Предприимчивость, смелость, инициатива — вот предлагаемый товар. А что требуется? Люди, умеющие готовить и убирать, знающие стенографию, то есть обыкновенные рабочие лошадки, обыкновенная прислуга.
Впрочем, это ее совсем не волновало. У нее уже все решено. Она выйдет замуж за своего двоюродного брата, Роули Клоуда. Они были помолвлены семь лет тому назад, как раз накануне войны. Насколько она себя помнит, она всегда стремилась выйти замуж за Роули. Она покорно согласилась с его выбором — заниматься фермерством. Это спокойная жизнь — возможно, трудная и малоинтересная, — но они оба любили животных и свежий воздух.

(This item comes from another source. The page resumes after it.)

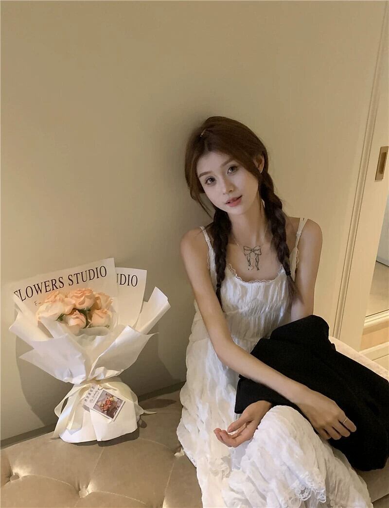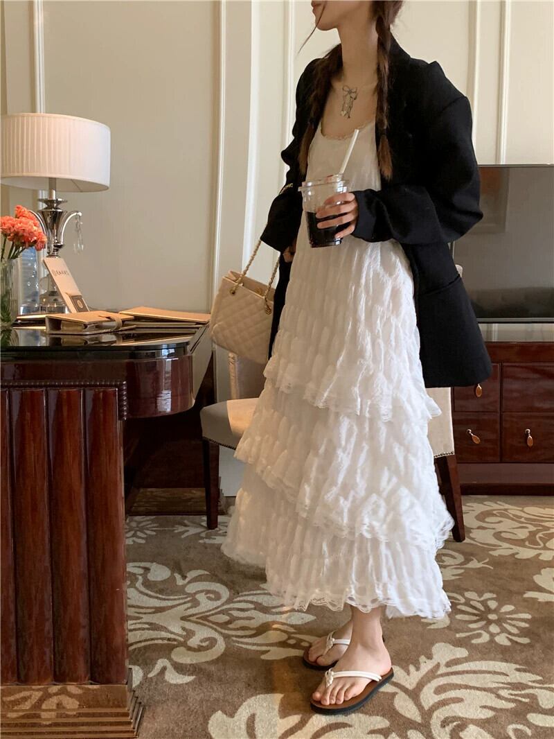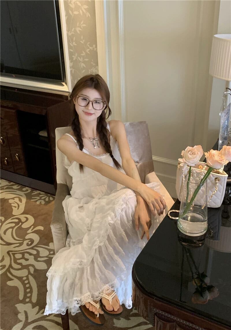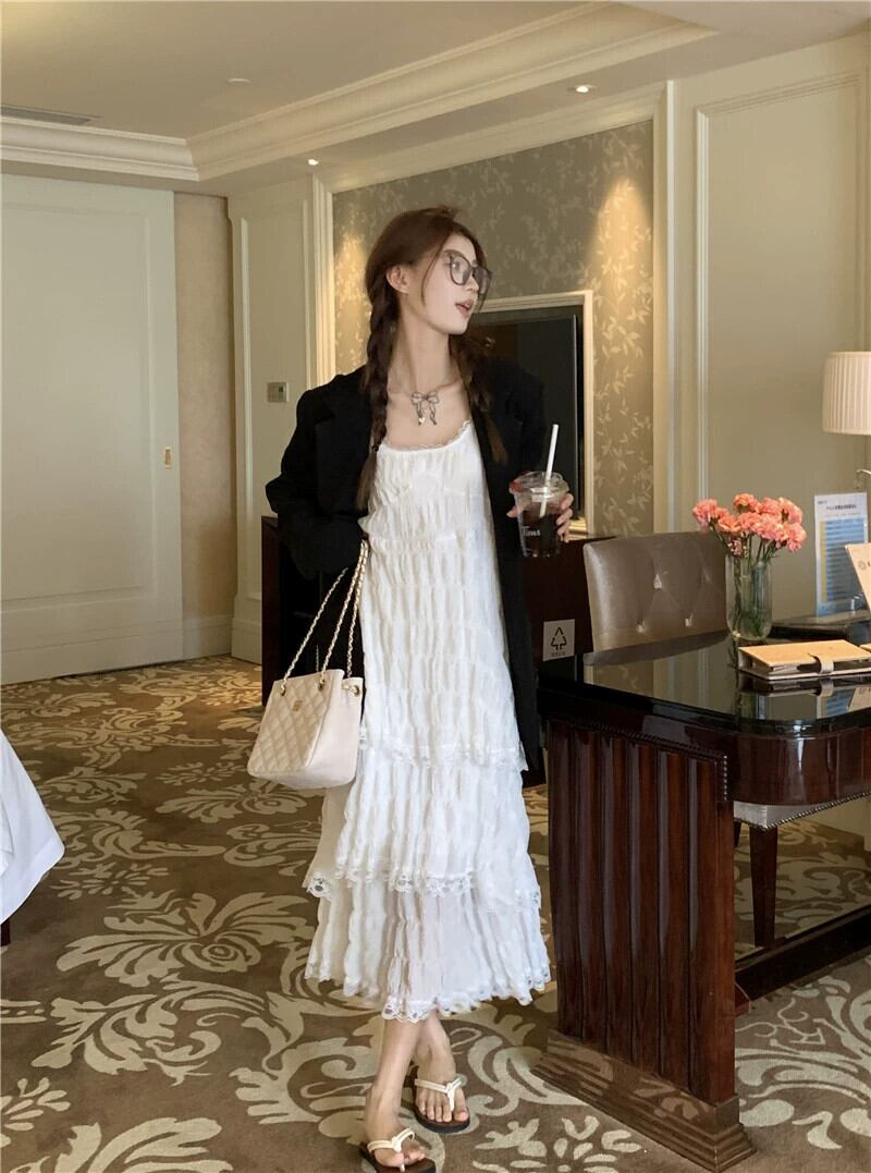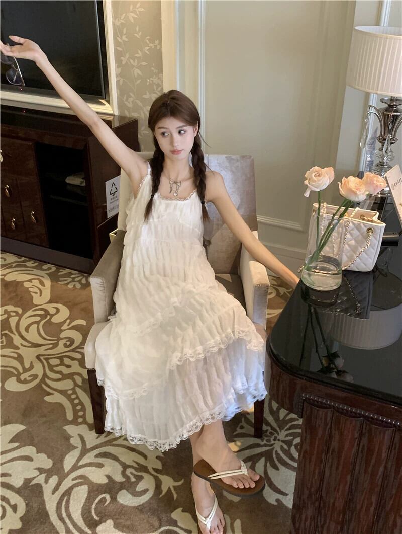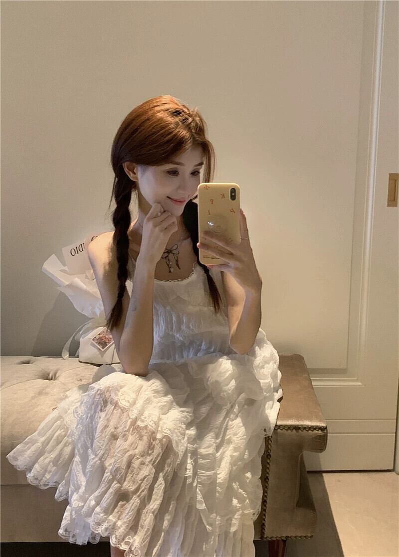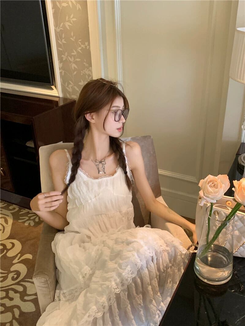ホワイトケーキドレス サスペンダードレス レディース 夏 ニッチデザイン フレンチスイート初恋 スーパーフェアリー ロングスカート 大人ガーリー スウィート キュート カジュアル サマー 夏物 8571639194970457

Правда, возможности их были уже не те, что раньше… Дядя Гордон всегда обещал…
Как бы угадывая ее мысли, раздался жалобный голос миссис Марчмонт:
— Как я тебе писала, Линн, дорогая, для всех нас это был настоящий удар. Гордон всего два дня как приехал в Англию. Мы даже не успели повидаться с ним. Если б он только не задержался в Лондоне, а сразу же отправился прямо сюда…
«Да, если б только…»
И вдали от дома Линн была, конечно, потрясена и опечалена известием о смерти своего дяди, но истинное значение происшедшего она стала понимать только вернувшись.
Насколько она себя помнит, в ее жизни, в жизни их всех неизменно господствовал Гордон Клоуд. Богатый бездетный мужчина взял всех родственников под свое крыло.

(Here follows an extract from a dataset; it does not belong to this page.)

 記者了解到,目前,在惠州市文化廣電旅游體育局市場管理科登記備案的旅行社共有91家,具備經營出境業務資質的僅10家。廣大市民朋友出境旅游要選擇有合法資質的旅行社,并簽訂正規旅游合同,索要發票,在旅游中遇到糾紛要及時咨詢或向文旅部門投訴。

Даже Роули… Роули вместе со своим другом Джонни Вавасуром решили стать фермерами. Их капитал был невелик, но они были полны надежд и энергии, и Гордон Клоуд всячески поддерживал эти стремления.
Ей же он прямо сказал:
— Без капитала в сельском хозяйстве не сделаешь ни шагу, но сначала необходимо выяснить, действительно ли эти ребята имеют серьезные намерения. Если я обеспечу их деньгами сейчас, то не получу ответа в течение многих лет. Если же увижу, что они могут справиться с трудностями, тогда, Линн, не стоит волноваться. Я им окажу необходимую финансовую помощь. Так что, моя девочка, не думай плохо обо мне. Кстати, именно такая жена, как ты, нужна Роули. Но пока молчи о том, что я тебе сказал.
Она так и сделала, хотя Роули сам догадался об истинных намерениях своего дядюшки. Он должен был доказать старику, что Роули и Джонни — хорошее и надежное вложение средств.

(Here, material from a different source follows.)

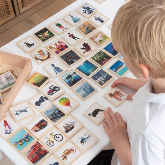 Spark creativity, language development and imaginative thinking with this comprehensive Wooden Story-Telling Tile Set. Featuring 90 durable wooden tiles, including animals, characters, places, transport, celebrations, weather, everyday scenes and intriguing objects, giving children endless opportunities to create unique stories and sequences.
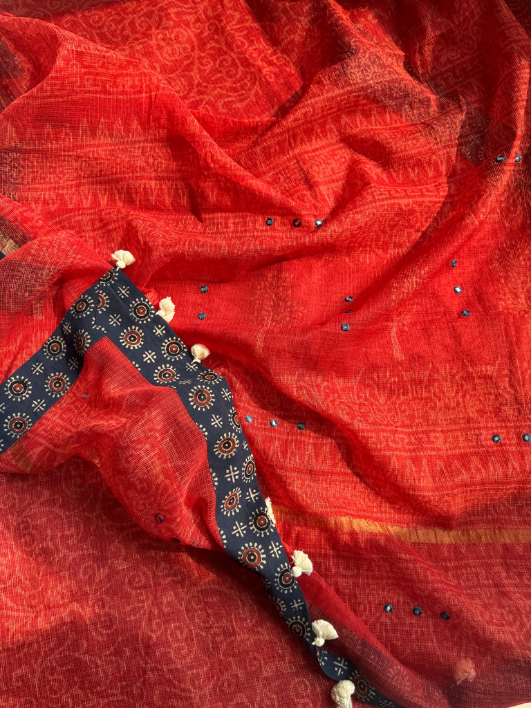 Saree : Enriched with an all-over hand block print, this saree is crafted from Kota cotton and comes with the cotton ajrakh fabric patchwork border.

Да, они все зависели от Гордона Клоуда, хотя не были ни нахлебниками, ни бездельниками. Джереми Клоуд был старшим компаньоном в адвокатской конторе, Лайонел Клоуд был практикующим врачом.
Но ведь это так важно — каждый день быть твердо уверенным, что деньги есть, что никогда не возникнет необходимость как-то ограничивать себя или экономить, что будущее обеспечено, а Гордон Клоуд, бездетный вдовец, позаботится обо всем. И он сам неоднократно уверял их в этом.
Его овдовевшая сестра, Адела Марчмонт, осталась в Уайт-хаусе, хотя, наверное, могла переехать в более скромный домик. Линн ходила в лучшие школы и, если б не война, она могла бы получить прекрасное образование. От дяди Гордона с удивительным постоянством поступали средства на мелкие расходы.
Все было так хорошо устроено! И вдруг неожиданная женитьба Гордона Клоуда!
— Конечно, дорогая, — продолжала Адела, — мы были просто поражены. Мы всегда были уверены, что Гордон никогда больше не женится. У него ведь были гак сильны семейные привязанности…
Да, подумала Линн, это верно. Может быть, семейные привязанности были даже слишком сильны?
— Он всегда был добр, — продолжала миссис Марчмонт, — хотя временами и казался тираном. Он терпеть не мог обедать за полированным столом и постоянно требовал накрыть его старинной скатертью. Кстати, как-то из Италии он прислал мне удивительно красивые венецианские кружева.